Sucedió durante una semana de la juventud. La de cosas buenas que se dijeron (de los jóvenes, claro). Los que pasaban de los 40 casi tenían vergüenza de haber nacido tan pronto.
En la mesa redonda final le preguntaron a un barbudo misionero recién llegado de Zambia, que parecía no avergonzarse de sus 50 años (¡Qué descaro!):
–¿Qué opina usted de los jóvenes de hoy?
–Lo mismo que Juan XXIII –contestó sin inmutarse.

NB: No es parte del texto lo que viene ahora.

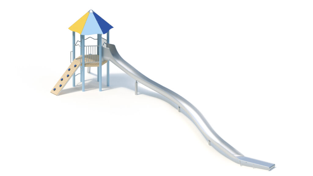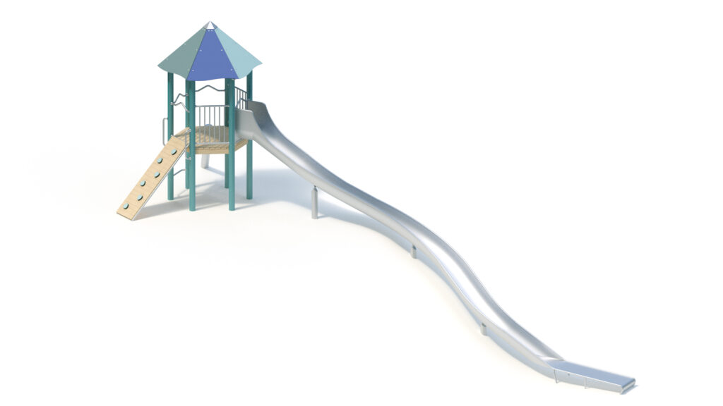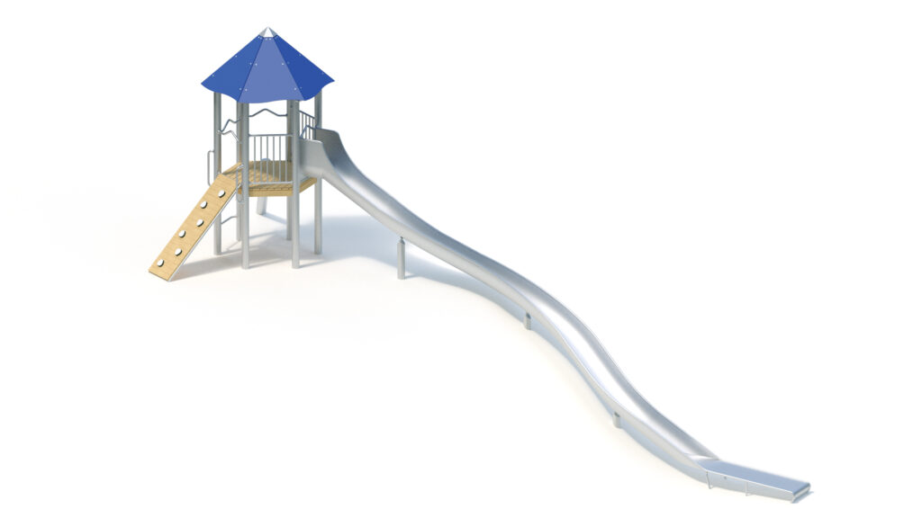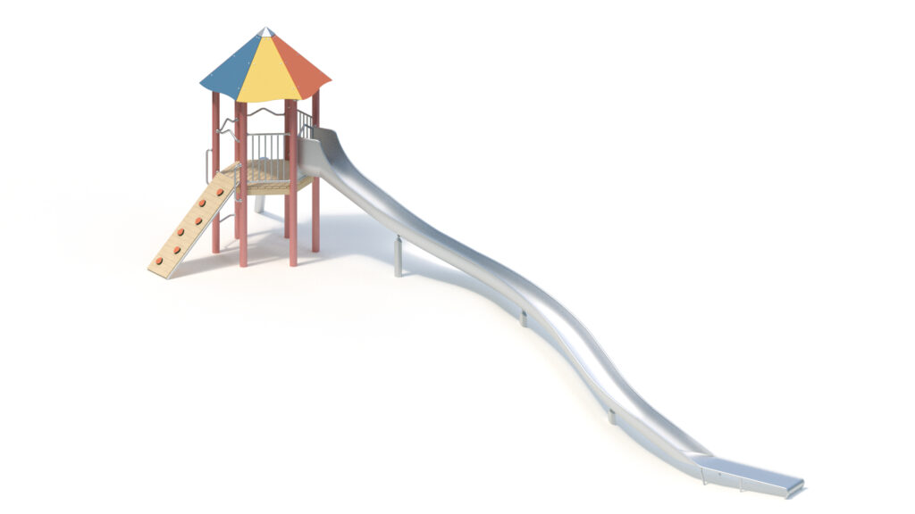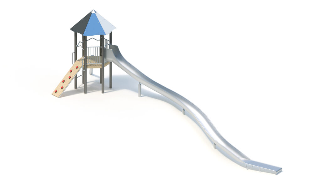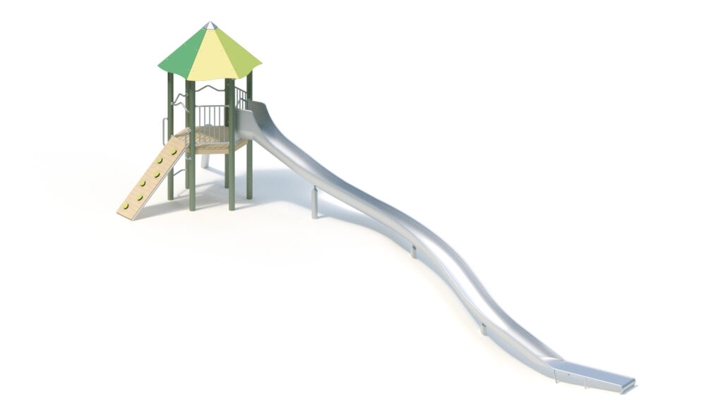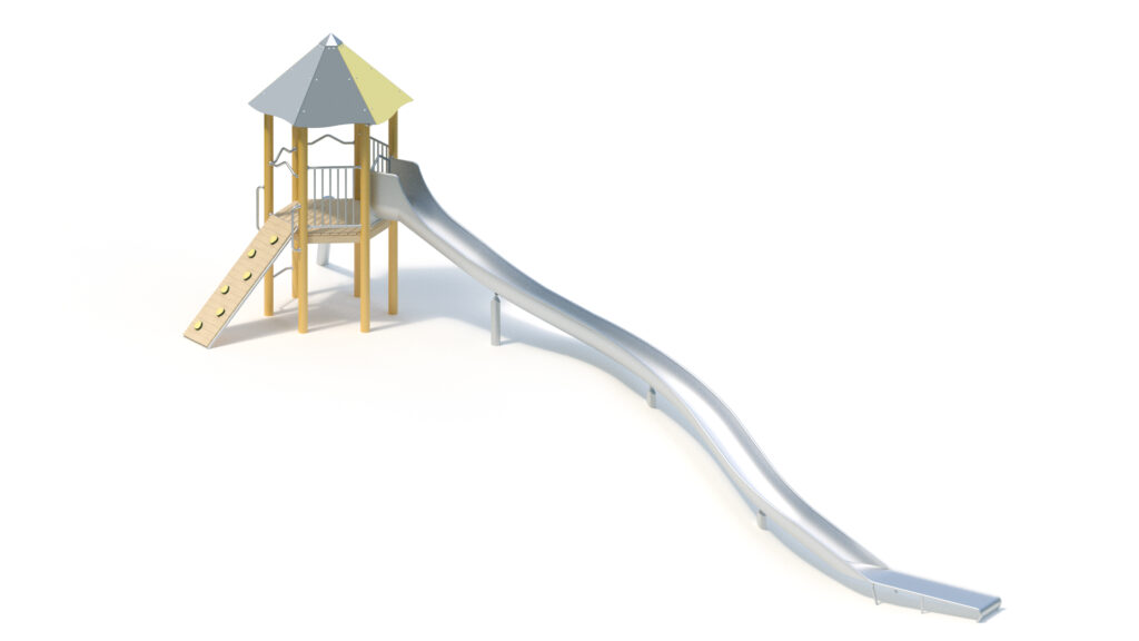 – Anbau-Muldenrutsche, 0,60 m breit, durch Muldenform besonders geräuscharm, aus Transportgründen zu einer zweiteiligen Rutsche verschweißt, Blechdicke: 2,5 mm, mit abrollverhindernder Absturzsicherung über dem Einsitzteil, drei Stützpfosten für die Kurvenbereiche, Befestigungsflansch am Auslaufteil, jeweils gefertigt aus Edelstahl, inkl. entsprechenden Verbindungsflanschen, um die Montage vor Ort zu erleichtern

-Y qué opinaba Juan XXIII?
–Esto:
“Dirigimos una mirada llena de afecto y plena esperanza hacia la juventud cristiana. En muchas regiones, los apóstoles desfallecidos de fatiga, con vivísimo deseo esperan quienes les sustituyan. Tenemos firme confianza en que la juventud de nuestro siglo no será menos generosa en responder al llamamiento del Maestro que la de los tiempos pasados.”

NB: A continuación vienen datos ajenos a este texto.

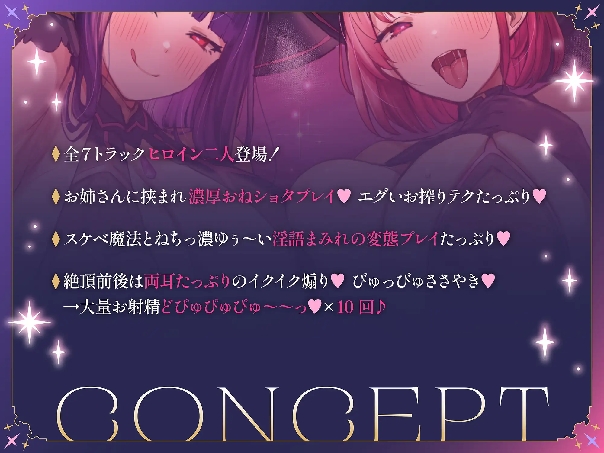 【全トラックヒロイン二人♪】あなたを魔法で童貞ショタにしておちんぽヌキヌキしてくる淫乱魔法使い姉妹【高速無声ささやき/オホ声】
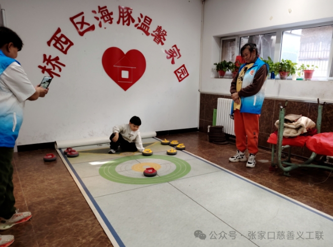 今天是新年后,海豚妇女儿童之家首次组织文体活动,大家早早地到达现场,打扫卫生、布置场地,一条仿真冰壶赛道铺设完毕,色彩鲜艳的冰壶摆放整齐,仿佛在向参与者们招手。十多天没有活动,感觉大家内心的热情都溢出来了,体内的“洪荒之力”也将破体而出,一个个摩拳擦掌,跃跃欲试,期待把假期积攒的力气全都使出来。
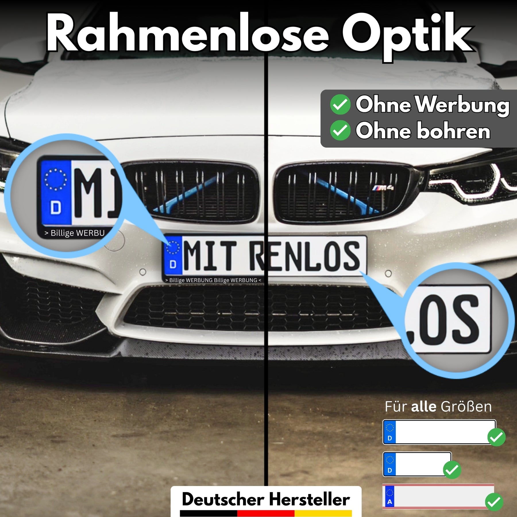 ✅ CLEAN LOOK – 100% frameless & advertising-free. The magnetic license plate holders are completely invisible even after the license plate has been removed. No more drilling into the bumper necessary.
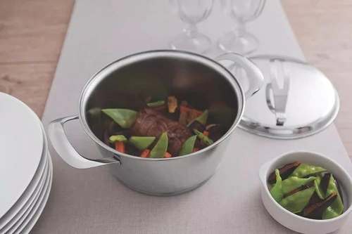 1 - Cacerola con Asas 22 cm., 3.30 Litros Acero Inoxidable. Con Tapa de Acero Inoxidable
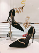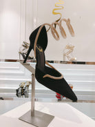 RC 25C Scarpin Black Gold Imported Velvet Swarovski Crystal 339483

El silencio que siguió a estas palabras fue denso, hasta incómodo. De pronto estalló un aplauso cerrado.
Sí, los reunidos habían entendido bien las palabras del buen papa Juan en boca de aquel misionero, aquel elogio comprometedor.

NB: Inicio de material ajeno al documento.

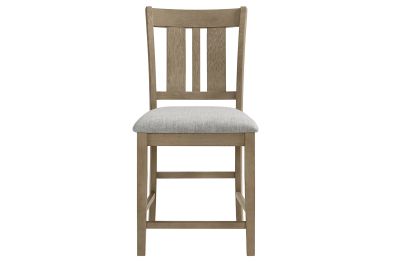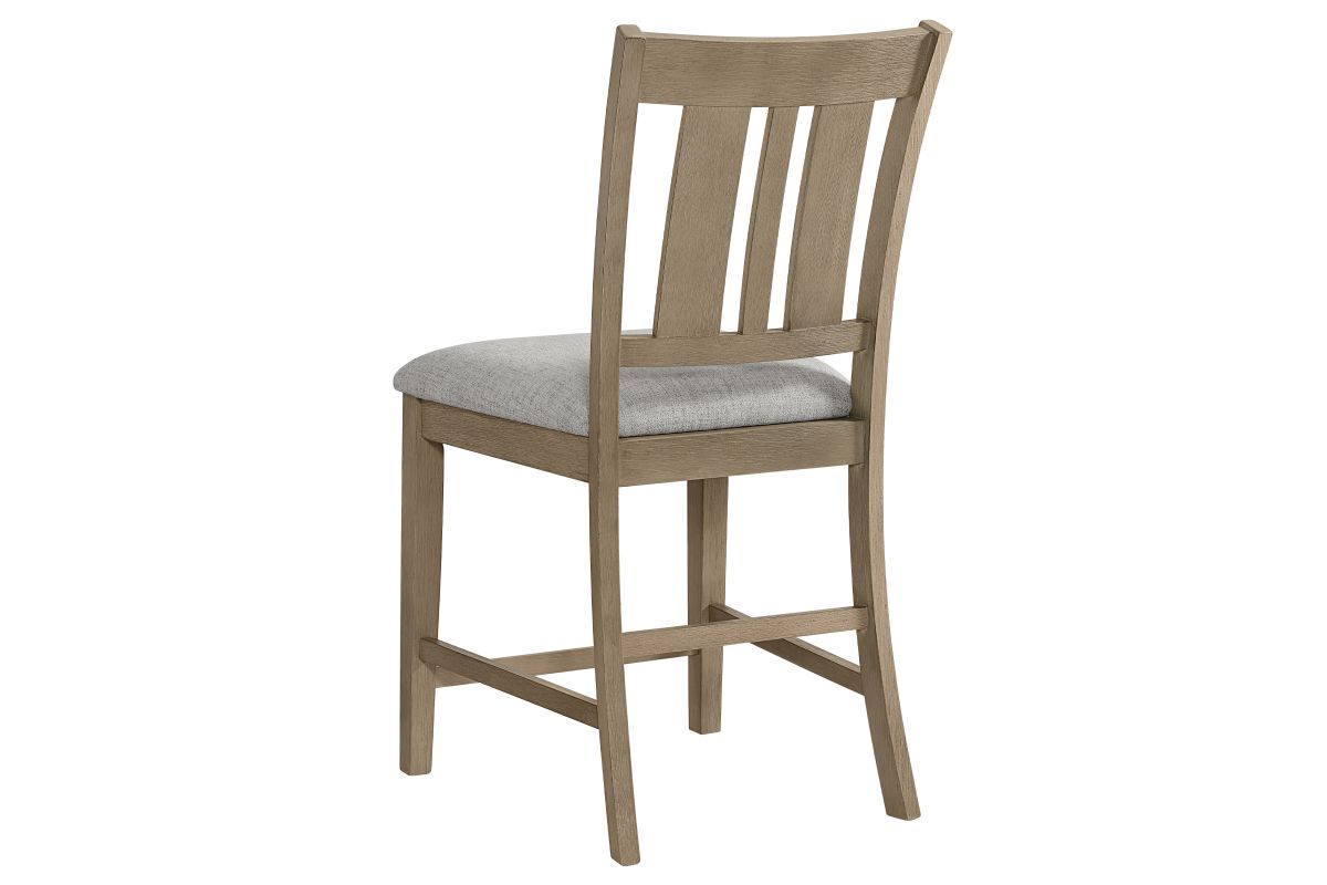 The Natural Hadley slat-back Counter chair are equipped with comfortable 100% polyester upholstered seats and a stretcher system for added strength and durability. This collection seamlessly combines aesthetic appeal with practical functionality, making it a versatile addition to any dining space.
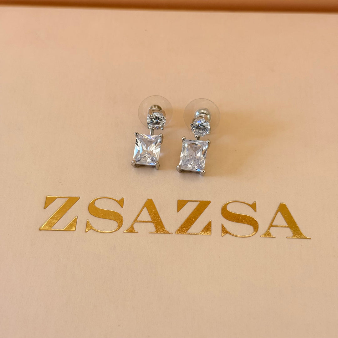 2 in 1 zircone silver earrings
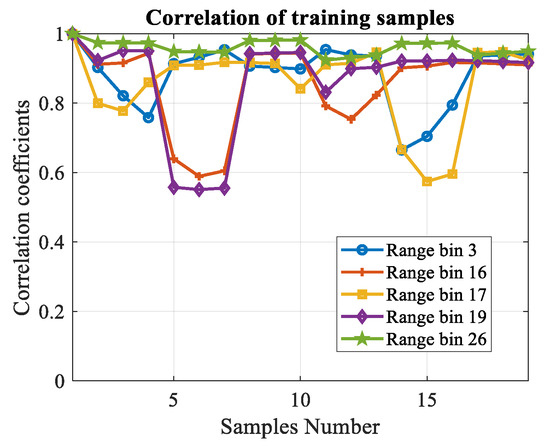 As mentioned above, the unscented transformation is conducted on the primary data first. To prove the validity of the generated secondary samples, the correlation coefficients are calculated using the azimuth–Doppler joint eigenvectors analysis method listed in Section 3.3. Some of the range bins are chosen randomly to show the result. In our experiment, 32 range bins are used totally, and the local processing region is . For each range bin, the unscented transformation is conducted and training samples can be obtained. Figure 7 illustrates the correlation coefficients of the training samples produced from the primary data. Each line represents for one range bin. It can be seen that almost all of the coefficients are above 0.6, which means the produced training samples are homogeneous.

Al salir me dijo el buen barbudo:
–Tenemos que rezar por ellos. Para que no se olviden de lo que acaban de decir con estos aplausos. Tú que escribes, diles a tus amigos que recen, que no se cansen de rezar por los jóvenes. Ellos quieren, quieren querer, pero necesitan un pequeño o un gran empujón.